Intervento dell'agenzia della Cei dopo l'articolo di Galli della Loggia
Il "richiamo" dei vescovi: sinistra lontana dal popolo
«C'è il rischio di tic e ideologie individualistico-libertarie»
ROMA — Una sinistra — quella italiana e «non solo» — che ogni giorno si fa più «radicalmente radical», rischiando l'abbandono di ogni riferimento «popolare». Presa in questa deriva, essa non si avvede che dietro la proposta cattolica dei «principi non negoziabili» non c'è un interesse di parte, ma la preoccupazione per il «bene comune».
L'agenzia «Sir», che fa riferimento alla Cei, ha mosso ieri questa critica frontale al radicalismo di sinistra, forse la più decisa che sia venuta dal mondo cattolico lungo l'ultimo anno, cioè a seguito dell'incoraggiamento a contrattaccare che questo mondo ha ricevuto dal risultato del referendum sulla fecondazione assistita.
Punto di partenza della nota è l'articolo di Ernesto Galli della Loggia «Sinistra e valori» pubblicato domenica dal Corriere della Sera. Il Sir ne condivide l'idea che «è cambiata con velocità accelerata l'agenda del dibattito politico- ideologico a livello non solo italiano».
«La sinistra — scrive poi l'agenzia dei settimanali cattolici — rischia di diventare ormai radicalmente "radical"», sempre meno mira a «incisivi interventi su un'economia ormai europeizzata o globalizzata » e «sostituisce ogni riferimento "popolare" con i tic e le ideologie individualistico- libertarie».
Ma «colto nella sua individualità il cittadino è titolare di diritti astratti, solo di fronte allo Stato». Così «cogliendolo» — prosegue la nota — la sinistra «rischia» di contribuire al trionfo dell'individualismo e di smarrire la propria tradizionale attenzione alla socialità.

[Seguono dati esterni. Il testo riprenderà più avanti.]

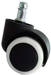
◆ Various sizes and styles of castor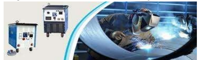
Fig. 1: CO2 welding for pipes

In CO 2 welding or sometimes electric arc welding the need often arises for welding of circular shape components, where the welding is carried out on the entire periphery or a partial arc length of the job. The electrode is thus moved along this circular path in the conventional method. However, movement of the electrode is much more difficult and it is much easier to index the job. For welding the current work piece Cycle, time is higher .i.e. 45-60 sec. So need to develop such a system for easy work piece loading and & auto welding gun positioning. Auto ON/OFF the switches of welding machine to achieve the smooth working.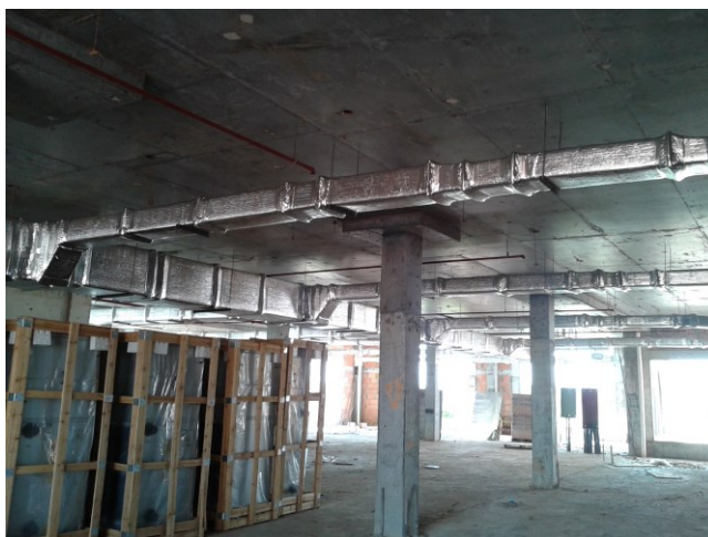
Photograph of the worksite taken on January 14, 2015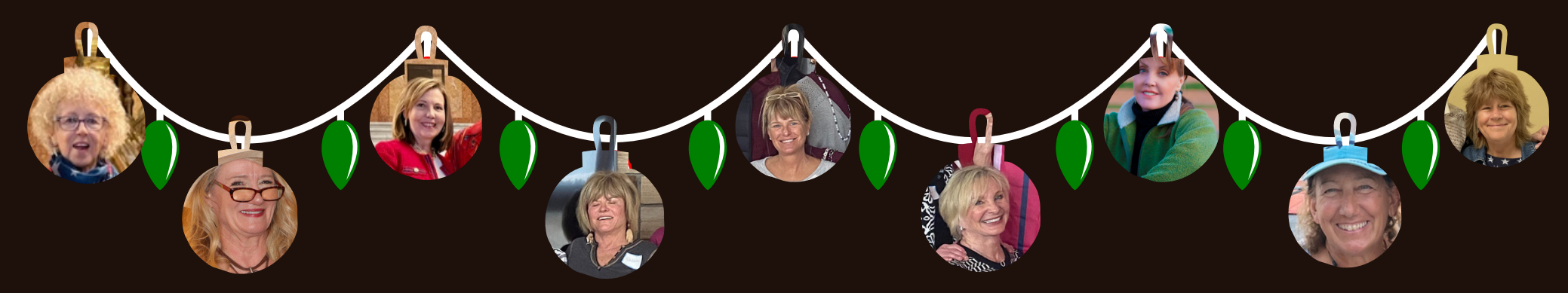
A few of our 2022 Christmas Party Attendees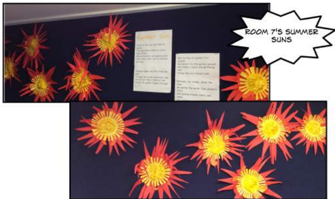
ROOM 7 AT THE TOP OF BALDWIN STREET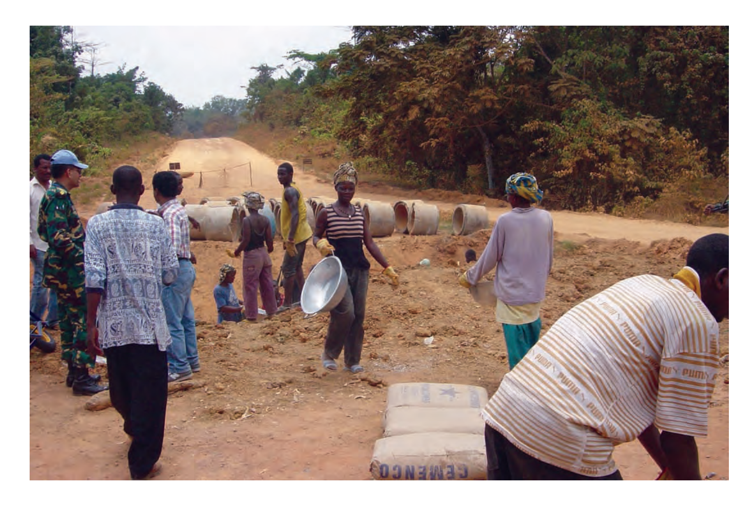
Image: An UNMIL-run labour-intensive road rehabilitation project in Nimba county, Liberia.

Consequently, it is important to note that taking one approach does not necessarily exclude the other and that DDR programmes emerging in peace operation contexts might draw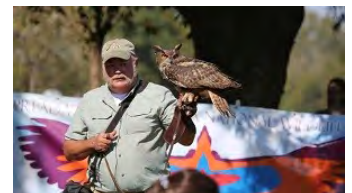
Eurasian Eagle Owl at the Oct 25 Earth Quest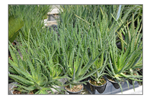
Aloe Vera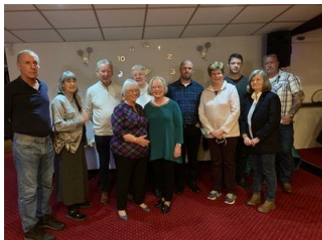
At Cumnock Bowling Green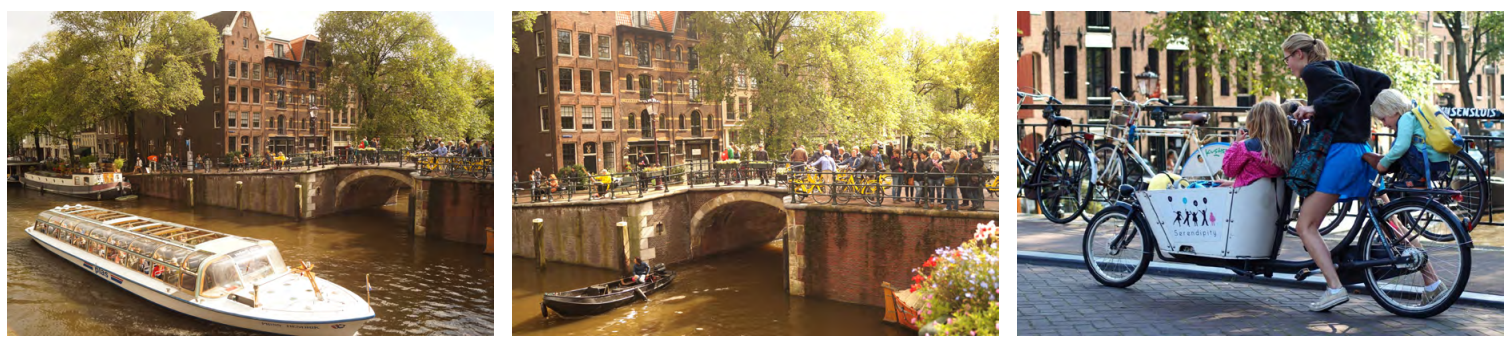
Sightseeing by Boat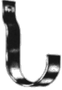
Fig 227: Offset J-Hook

Material: Steel Service Application: For general piping running next to wall. Finish: Black, galvanized or painted. Ordering: Specify size, figure number and finish.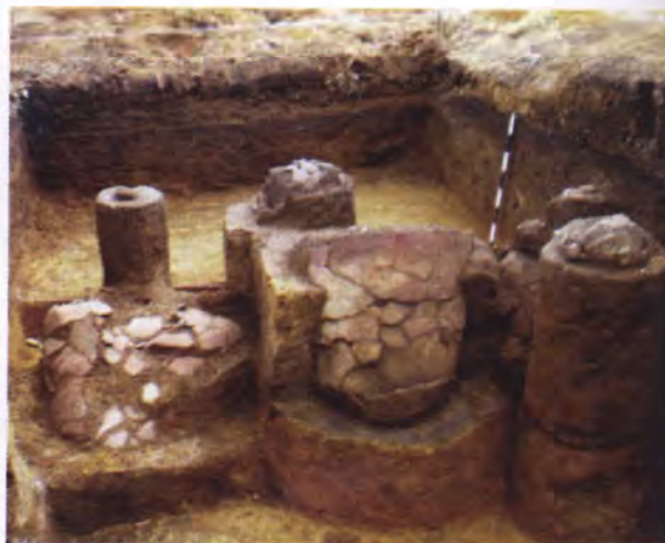
Figure 1. The complexity among the jars and potsherds at Lolo Gedang Site, Kerinci, Jambi

The shapes and sizes of the jars vary, which are the basic shapes of round and cylindrical. Some of them were decorated with irregular net-impressed motifs (interwoven patterned). They are mostly red-slipped on both the outer and inner surfaces. There are about 22 codes of burial jars from systematic excavations and another 7 obtained from illegal digging. Therefore it is assumed that there are about 29 burial jars at the Lolo Gedang Site/Sector II (Fig. 1).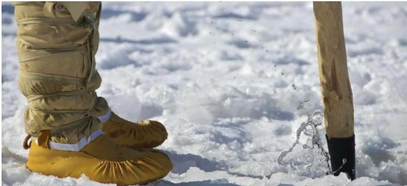
Illustration 1: A typical pair of wrap-around uppers using boar skin. Photo shows: deer antler button near top, wrap-around cotton lacing, white cotton binding tape to reinforce seam and ankle tabs to hold lace.

Our buckskin upper style was developed through our workshops in an effort to provide participants with:

E' una strada che «il movimento radical-liberale» batte da tempo, ma che oggi vorrebbe «scissa» dalla «tradizione cristiana», con «conseguenze imprevedibili».
L'«imprevedibile» non viene nominato, ma riguarda le frontiere della vita e il destino della famiglia: «Scommettendo su processi profondi di de-cristianizzazione si intende da più parti accreditare l'affermazione tutta ideologica per cui quel che tecnicamente è possibile lo Stato deve consentirlo, ciò che l'individuo preferisce, la legge non deve vietarlo».
Il Sir osserva però che «ad ogni azione corrisponde una reazione» e che «cacciato dalla porta dell'ideologia, il riferimento all'esperienza elementare incoercibile dell'umanò rientra come aspirazione profonda».
Ed ecco che da alcuni anni «l'apprezzamento della valenza culturale e identitaria della religione è in costante aumento». Ed ecco infine che «un momento storico così delicato e aperto richiede e sollecita Chiesa e cattolici in forme nuove — e necessariamente unitarie — verso la proposta, l'interlocuzione coraggiosa, senza complessi e tic culturali».
C'è da ricostruire un «sostrato comune» perché si abbia un «accordo sui valori». «Di qui — conclude il Sir — l'insistere sui principi "non negoziabili" e anche una forma nuova di intervento ecclesiale». Che non mira a «difendere posizioni di potere o a strillare anatemi», ma è «proteso al bene comune».